== About this task ==
Taking the line that contains "Описание: Классические сырники" as the start and the last line of the data as the end, repeat exactly every line in that span, but no pictures.

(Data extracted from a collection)
"""
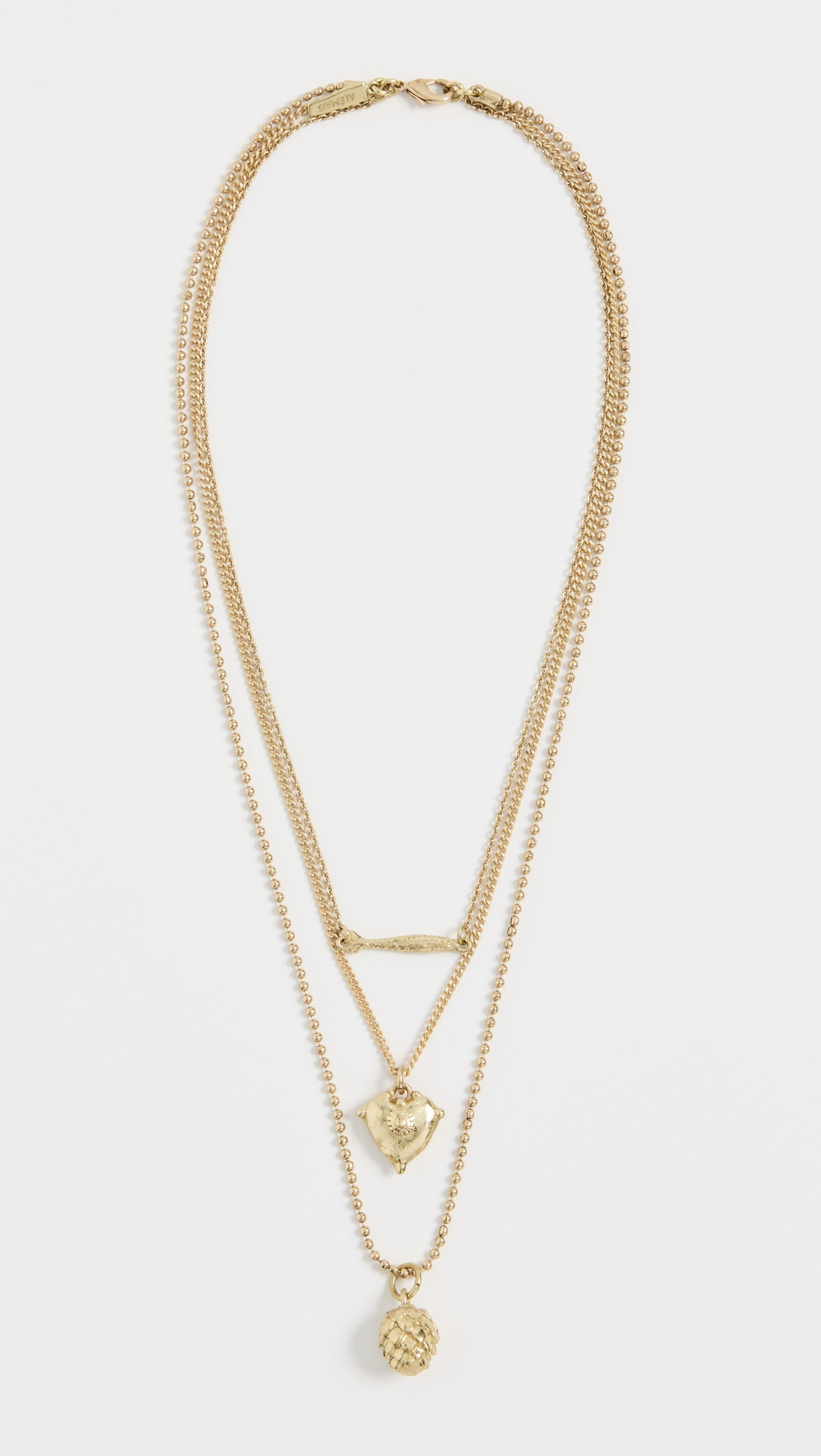 - Fish, heart, and artichoke charms - Layered design - Brass - Lobster claw clasp - Imported, Indonesia Style #ALEMA30326
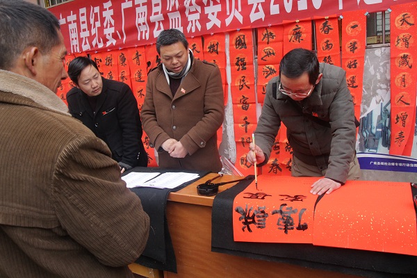 揮筆潑墨、妙筆生花、慷慨激昂,一幅幅當街對聯,一筆筆遒勁有力,都展示了紀檢監察干部積極進取的精神。(農玉國 攝)
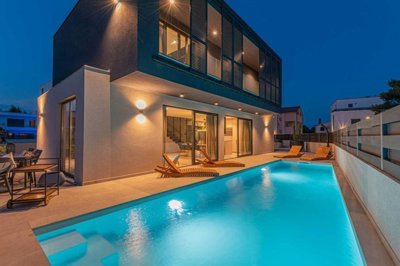 Discover this captivating villa, an exquisite blend of contemporary design and opulence, nestled in a charming tourist town merely 3 km from the heart of Vodice.
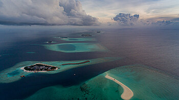Wenn du von oben auf diese Inseln schaust, dann erkennst du die Atolle. Atolle bestehen aus vielen kleinen, schmalen Inseln. Diese Inseln sind Korallenriffe. Sie umschließen eine Lagune. Sie bilden selbst eine Art ringförmige Insel. Von oben sehen die manchmal aus wie eine Insel mit einem Loch drin oder ein Ring auf dem Meer. Das Wort Atoll stammt übrigens aus der maledivischen Sprache, dem Dhivehi.
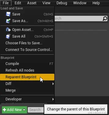 File →Reparent Blueprint
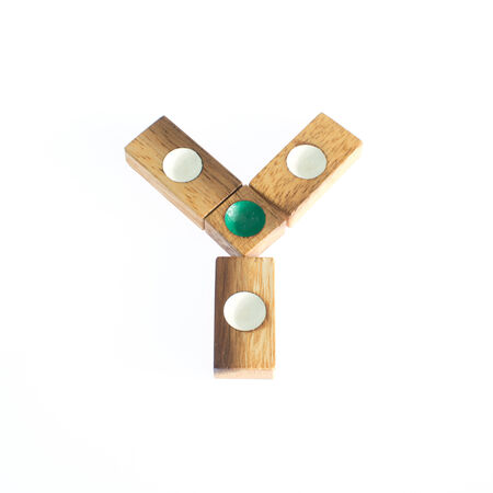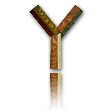 Wooden tangram puzzle as English alphabet letter Y shape on white background
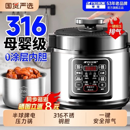 半球电压力锅316不锈钢家用升4-7人内胆无涂层多功能全自动高压锅
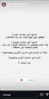 وكانت نادين تعرضت لموجة من الانتقادات بعد نشرها صوراً لها من مناسبات إجتماعية بالتزامن مع ما حدث من تفجيرات يومي الثلائاء والأربعاء.
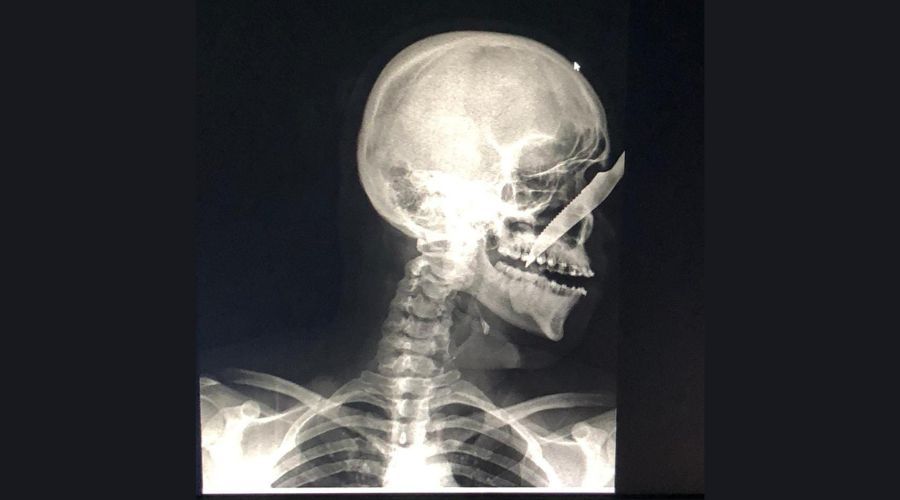 Imagem do raio-X de Alberto mostra a faca alojada no rosto do jovem. O autor da facada foi identificado como André Luís Benevides Carvalho, de 35 anos, que estava bêbado quando fez o ato. André chegou a ser linchado por populares.
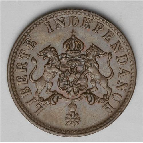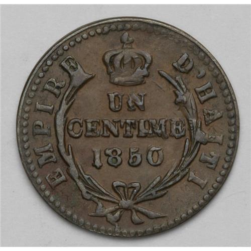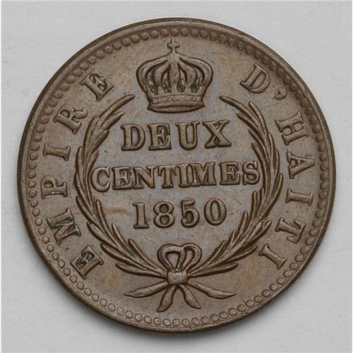 <B>Empire - Faustin I - Pair of Copper Types, </B></I>KM34 Centime 1850, nice brown XF, and KM36 2 Centimes 1850, choice brown AU, rare grade.
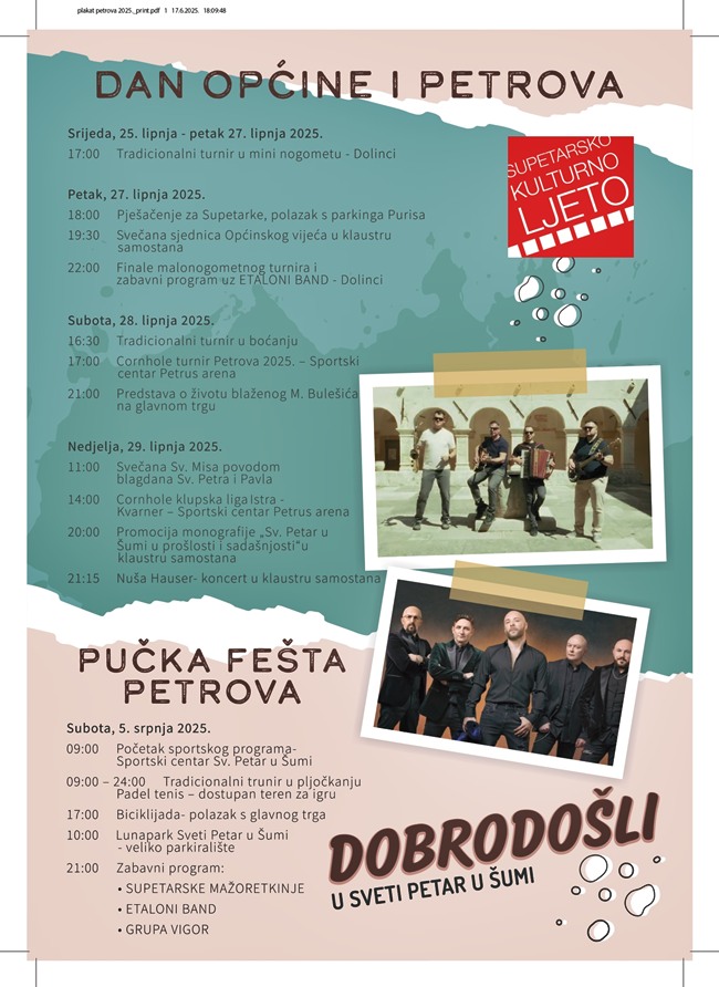 No, i nedjelja je dan kada se obilježava Dan Općine. U 11 je Svečana misa povodom blagdana Sv. Petra i Pavla, a od 14 sati kreće cornhole liga da bi u 20 sati bila promocija monografije „Sveti Petar u Šumi u prošlosti i sadašnjosti“.
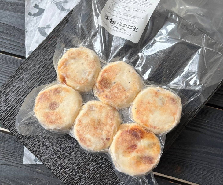 Описание: Классические сырники из фермерского творога с добавлением изюма. Лакомство приготовлено по традиционным рецептам и уже полностью готово. Осталось только подогреть их для сытного завтрака.
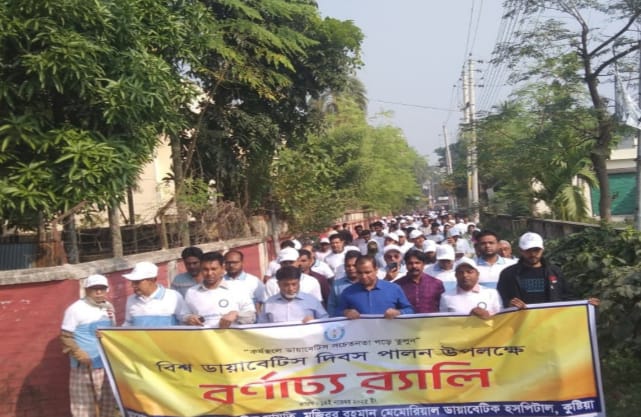বিশ্ব ডায়াবেটিস দিবসে কুষ্টিয়ায় বর্ণাঢ্য র্যালি ও আলোচনা সভা অনুষ্ঠিত হয়েছে। শুক্রবার (১৪ নভেম্বর) সকাল সাড়ে নয়টায় কুষ্টিয়া ডায়াবেটিক সমিতির আয়োজনে র্যালি ও ১০টায় হাসপাতাল প্রাঙ্গণে আলোচনা সভার আয়োজন করা হয়েছে।
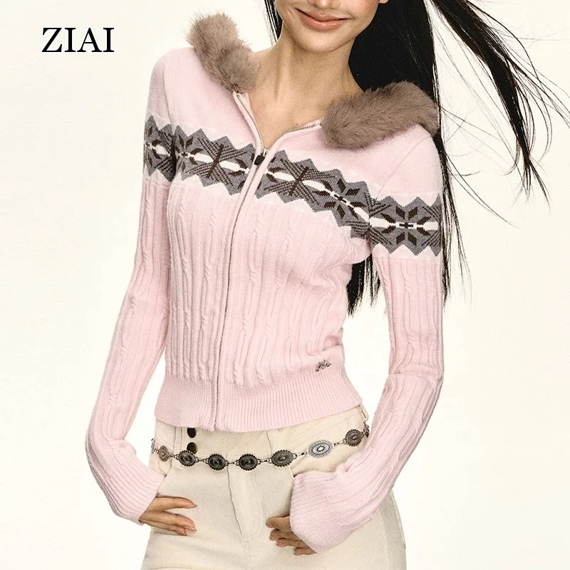 High End Chic Design Zipper Sweater Jacket Women Short Jacquard Long Sleeve Knitted Sweater Coat Fem...
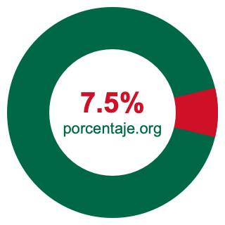 Empezamos por mostrarle el gráfico circular a continuación. Primero, coloreamos el círculo entero en verde. Luego, recortamos el 7.5 por ciento del círculo y lo coloreamos en rojo.
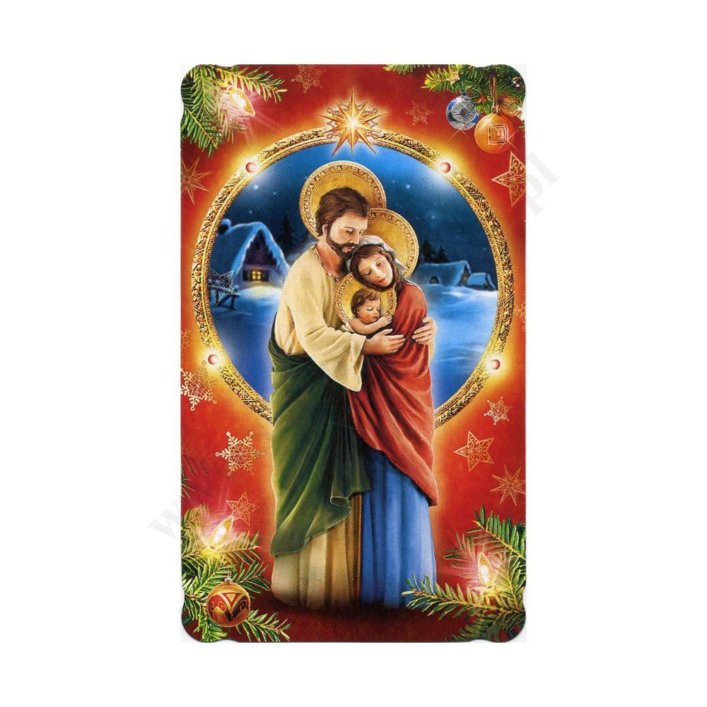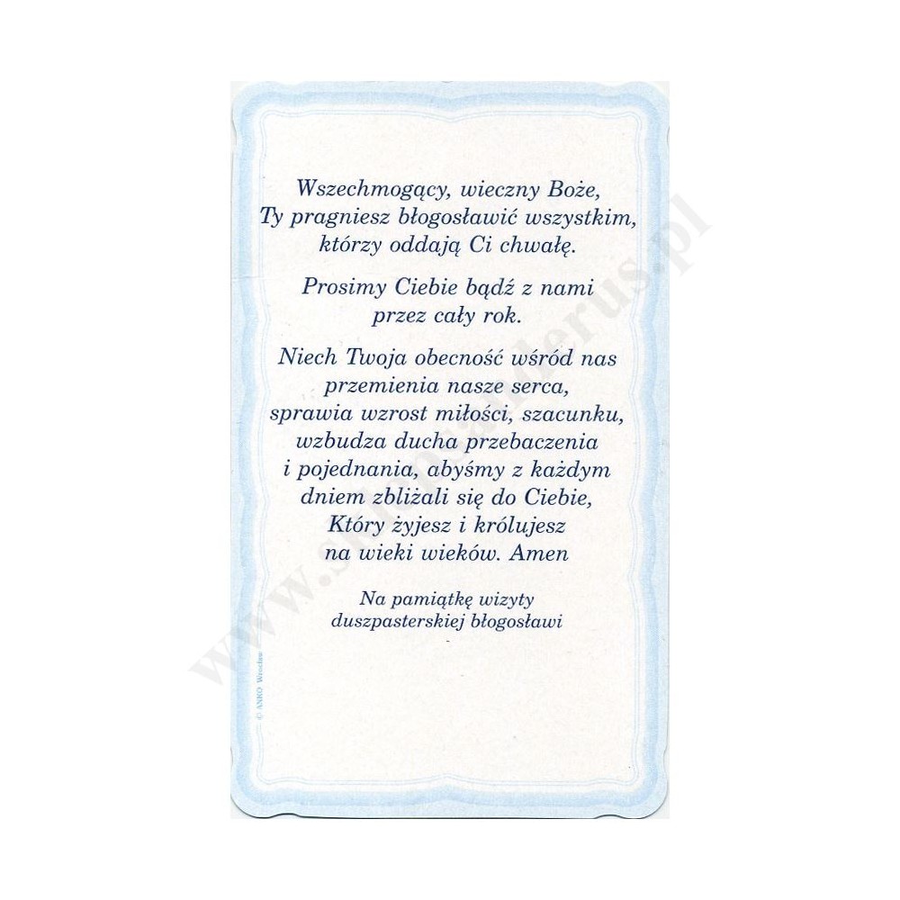Obrazek kolędowy lakierowany o wymiarach 6,2 cm x 10.5 cm. Na rewersie obrazka pamiątkowy tekst. W paczce znajduje się 100 szt. obrazków jednego wzoru. Sprzedaż na paczki po 100 szt.
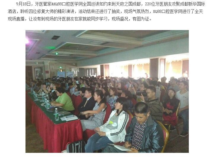 KQ88每年在全國(guó)各個(gè)大中型城市舉辦數(shù)十場(chǎng)的大型學(xué)術(shù)會(huì)議, 每場(chǎng)均邀請(qǐng)上百名的牙醫(yī)參加,是企業(yè)展示、宣傳自己并且面對(duì)面接觸客戶的好機(jī)會(huì)。
"""
== Solved exercise ==
 Описание: Классические сырники из фермерского творога с добавлением изюма. Лакомство приготовлено по традиционным рецептам и уже полностью готово. Осталось только подогреть их для сытного завтрака.
বিশ্ব ডায়াবেটিস দিবসে কুষ্টিয়ায় বর্ণাঢ্য র্যালি ও আলোচনা সভা অনুষ্ঠিত হয়েছে। শুক্রবার (১৪ নভেম্বর) সকাল সাড়ে নয়টায় কুষ্টিয়া ডায়াবেটিক সমিতির আয়োজনে র্যালি ও ১০টায় হাসপাতাল প্রাঙ্গণে আলোচনা সভার আয়োজন করা হয়েছে।
 High End Chic Design Zipper Sweater Jacket Women Short Jacquard Long Sleeve Knitted Sweater Coat Fem...
 Empezamos por mostrarle el gráfico circular a continuación. Primero, coloreamos el círculo entero en verde. Luego, recortamos el 7.5 por ciento del círculo y lo coloreamos en rojo.
Obrazek kolędowy lakierowany o wymiarach 6,2 cm x 10.5 cm. Na rewersie obrazka pamiątkowy tekst. W paczce znajduje się 100 szt. obrazków jednego wzoru. Sprzedaż na paczki po 100 szt.
 KQ88每年在全國(guó)各個(gè)大中型城市舉辦數(shù)十場(chǎng)的大型學(xué)術(shù)會(huì)議, 每場(chǎng)均邀請(qǐng)上百名的牙醫(yī)參加,是企業(yè)展示、宣傳自己并且面對(duì)面接觸客戶的好機(jī)會(huì)。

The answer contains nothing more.